> [Your instructions]
Give the lines again exactly as they appear below, from the line with "Отдельно стоящая овальная, глянцевая" to the line with "平台基座充分借鉴了尊龙凯时信", both included, and only those lines. Leave every picture out.

> [Data shown]
--

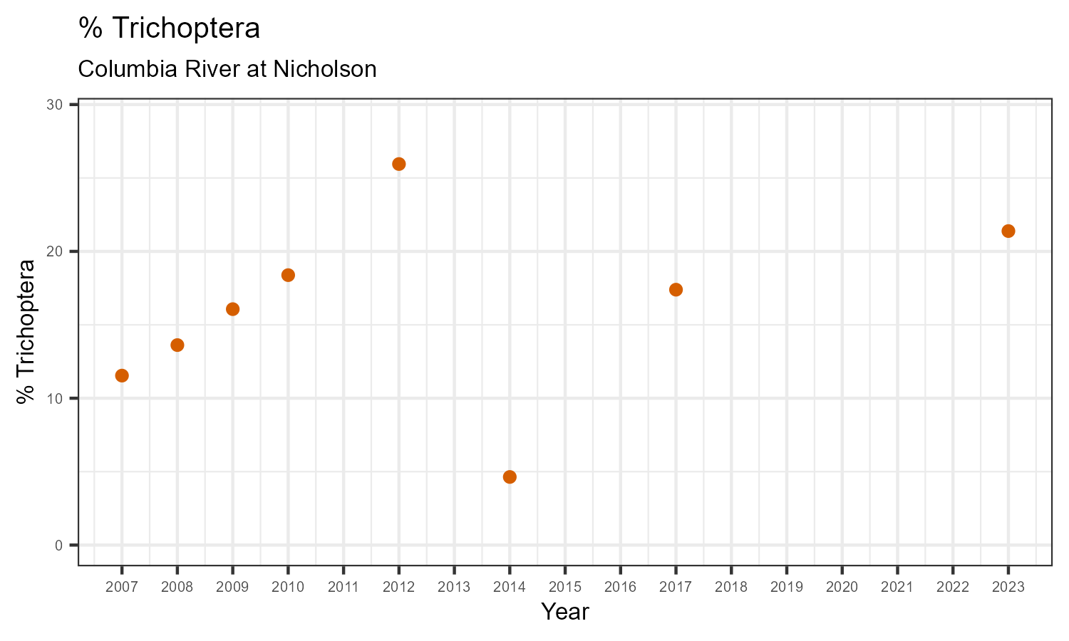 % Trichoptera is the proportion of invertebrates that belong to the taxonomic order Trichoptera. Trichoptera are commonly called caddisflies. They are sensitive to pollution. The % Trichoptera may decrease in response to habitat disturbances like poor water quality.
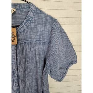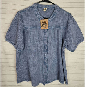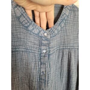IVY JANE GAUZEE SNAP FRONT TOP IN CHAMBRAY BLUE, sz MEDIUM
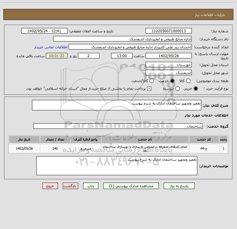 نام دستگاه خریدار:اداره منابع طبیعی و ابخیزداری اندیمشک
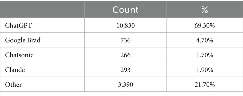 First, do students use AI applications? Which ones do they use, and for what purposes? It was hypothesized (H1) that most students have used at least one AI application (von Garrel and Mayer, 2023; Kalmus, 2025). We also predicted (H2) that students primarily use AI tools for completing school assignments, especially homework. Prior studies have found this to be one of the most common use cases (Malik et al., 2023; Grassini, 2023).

--

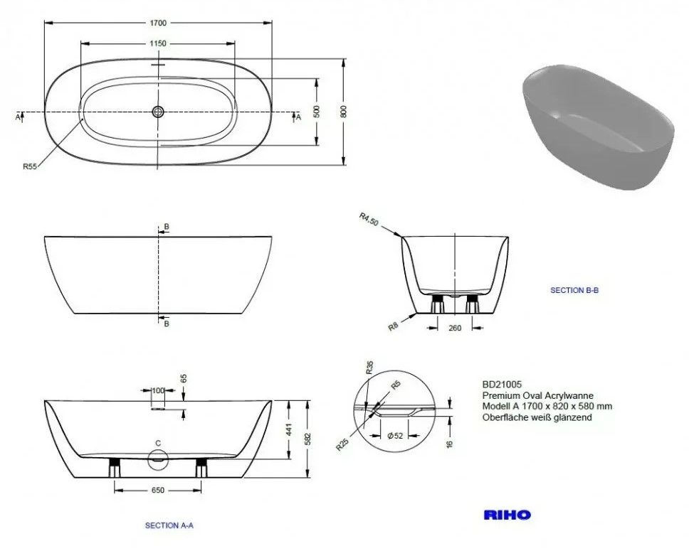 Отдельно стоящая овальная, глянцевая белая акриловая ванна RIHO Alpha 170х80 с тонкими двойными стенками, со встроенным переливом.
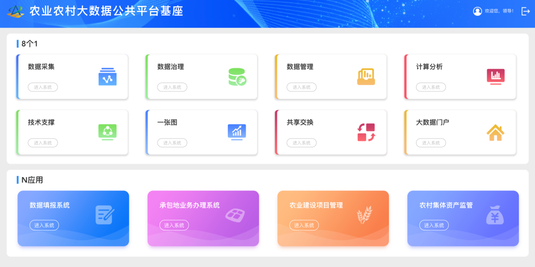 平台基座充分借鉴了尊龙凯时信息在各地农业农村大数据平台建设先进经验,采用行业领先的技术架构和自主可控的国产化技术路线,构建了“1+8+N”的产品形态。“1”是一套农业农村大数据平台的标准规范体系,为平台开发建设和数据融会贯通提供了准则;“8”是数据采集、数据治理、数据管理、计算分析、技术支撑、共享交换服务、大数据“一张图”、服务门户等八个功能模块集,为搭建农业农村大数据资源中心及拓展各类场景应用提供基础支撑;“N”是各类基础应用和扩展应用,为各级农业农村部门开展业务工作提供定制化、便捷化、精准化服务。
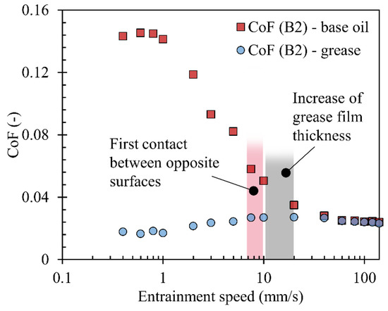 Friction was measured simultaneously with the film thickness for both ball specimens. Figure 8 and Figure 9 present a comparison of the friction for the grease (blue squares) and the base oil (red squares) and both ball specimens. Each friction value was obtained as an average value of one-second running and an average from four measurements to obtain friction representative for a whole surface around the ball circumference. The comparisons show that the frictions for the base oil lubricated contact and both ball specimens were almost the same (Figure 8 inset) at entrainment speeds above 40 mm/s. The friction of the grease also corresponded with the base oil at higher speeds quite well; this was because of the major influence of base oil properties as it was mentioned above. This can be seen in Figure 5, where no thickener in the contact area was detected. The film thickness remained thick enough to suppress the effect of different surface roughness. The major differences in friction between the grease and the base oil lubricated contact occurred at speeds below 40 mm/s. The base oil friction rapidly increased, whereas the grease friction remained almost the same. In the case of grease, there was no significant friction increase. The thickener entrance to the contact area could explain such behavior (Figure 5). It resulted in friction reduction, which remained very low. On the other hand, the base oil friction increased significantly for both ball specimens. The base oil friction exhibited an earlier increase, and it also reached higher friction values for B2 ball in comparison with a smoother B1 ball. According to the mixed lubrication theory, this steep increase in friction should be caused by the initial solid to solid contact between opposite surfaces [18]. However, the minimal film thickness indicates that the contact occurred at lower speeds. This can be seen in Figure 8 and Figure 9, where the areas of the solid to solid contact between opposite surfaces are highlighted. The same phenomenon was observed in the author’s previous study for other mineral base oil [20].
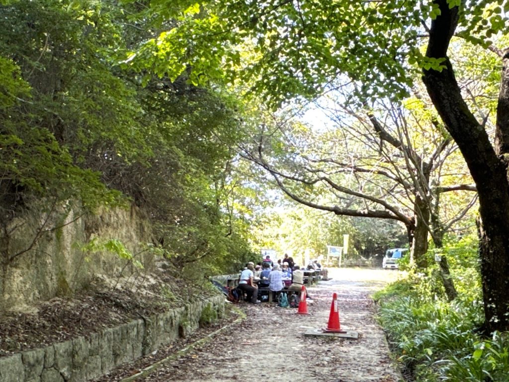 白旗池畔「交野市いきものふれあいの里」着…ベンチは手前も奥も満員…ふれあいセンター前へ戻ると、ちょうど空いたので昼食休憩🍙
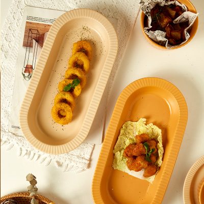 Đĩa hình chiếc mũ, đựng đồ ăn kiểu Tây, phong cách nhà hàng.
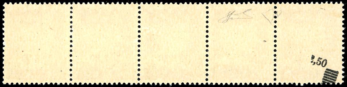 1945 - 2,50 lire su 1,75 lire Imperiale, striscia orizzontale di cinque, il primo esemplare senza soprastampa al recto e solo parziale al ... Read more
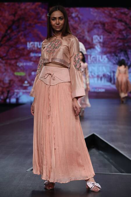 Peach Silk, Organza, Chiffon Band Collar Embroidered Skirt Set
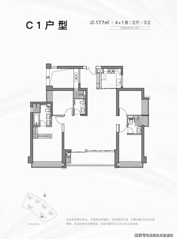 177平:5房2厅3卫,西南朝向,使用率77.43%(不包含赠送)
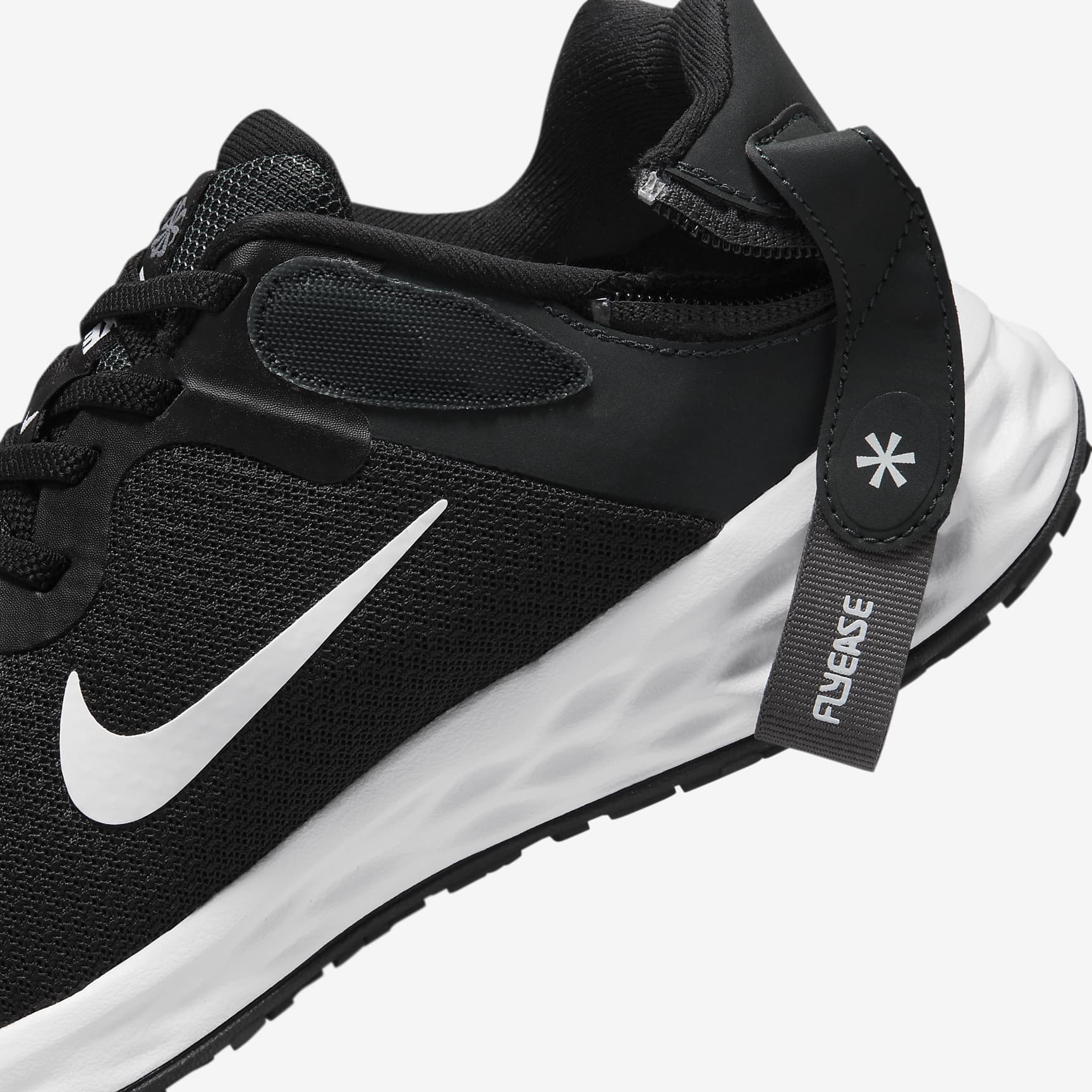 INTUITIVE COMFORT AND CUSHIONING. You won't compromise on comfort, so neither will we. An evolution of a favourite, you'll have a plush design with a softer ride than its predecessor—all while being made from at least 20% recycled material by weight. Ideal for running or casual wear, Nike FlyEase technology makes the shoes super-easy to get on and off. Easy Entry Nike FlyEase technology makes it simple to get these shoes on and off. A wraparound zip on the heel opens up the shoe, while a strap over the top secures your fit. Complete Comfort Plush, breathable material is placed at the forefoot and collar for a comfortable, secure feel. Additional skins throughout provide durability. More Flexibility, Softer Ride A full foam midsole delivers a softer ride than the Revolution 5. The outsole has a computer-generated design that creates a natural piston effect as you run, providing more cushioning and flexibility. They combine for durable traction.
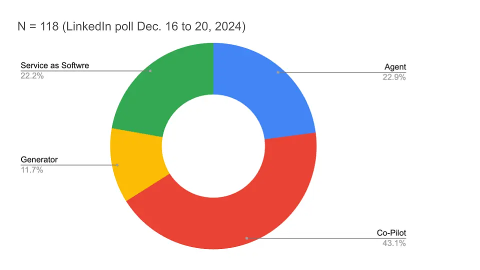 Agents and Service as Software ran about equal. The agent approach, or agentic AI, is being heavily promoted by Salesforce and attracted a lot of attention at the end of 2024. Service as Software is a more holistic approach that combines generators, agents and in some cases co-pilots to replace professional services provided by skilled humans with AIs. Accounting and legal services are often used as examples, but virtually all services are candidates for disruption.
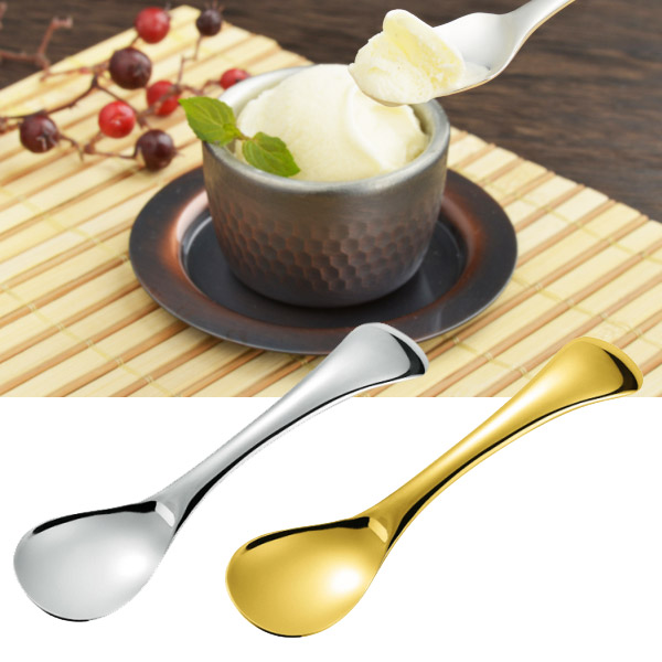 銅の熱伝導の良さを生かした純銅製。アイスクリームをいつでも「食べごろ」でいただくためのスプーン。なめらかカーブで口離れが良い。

--

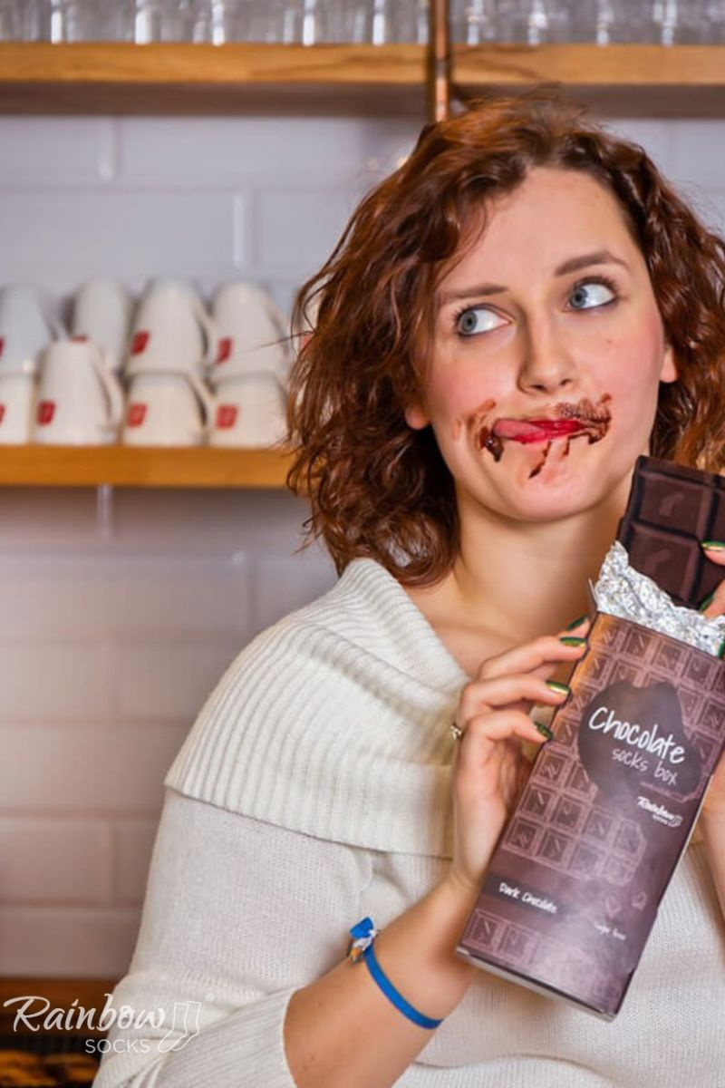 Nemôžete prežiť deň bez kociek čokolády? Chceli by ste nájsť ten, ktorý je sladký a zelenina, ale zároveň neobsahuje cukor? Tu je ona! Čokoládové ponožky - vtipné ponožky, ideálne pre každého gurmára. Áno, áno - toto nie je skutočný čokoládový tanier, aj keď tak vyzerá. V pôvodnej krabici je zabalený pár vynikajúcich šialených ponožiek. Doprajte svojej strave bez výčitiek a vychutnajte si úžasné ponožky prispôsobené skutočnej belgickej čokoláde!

--

> [Answer box]
 Отдельно стоящая овальная, глянцевая белая акриловая ванна RIHO Alpha 170х80 с тонкими двойными стенками, со встроенным переливом.
 平台基座充分借鉴了尊龙凯时信息在各地农业农村大数据平台建设先进经验,采用行业领先的技术架构和自主可控的国产化技术路线,构建了“1+8+N”的产品形态。“1”是一套农业农村大数据平台的标准规范体系,为平台开发建设和数据融会贯通提供了准则;“8”是数据采集、数据治理、数据管理、计算分析、技术支撑、共享交换服务、大数据“一张图”、服务门户等八个功能模块集,为搭建农业农村大数据资源中心及拓展各类场景应用提供基础支撑;“N”是各类基础应用和扩展应用,为各级农业农村部门开展业务工作提供定制化、便捷化、精准化服务。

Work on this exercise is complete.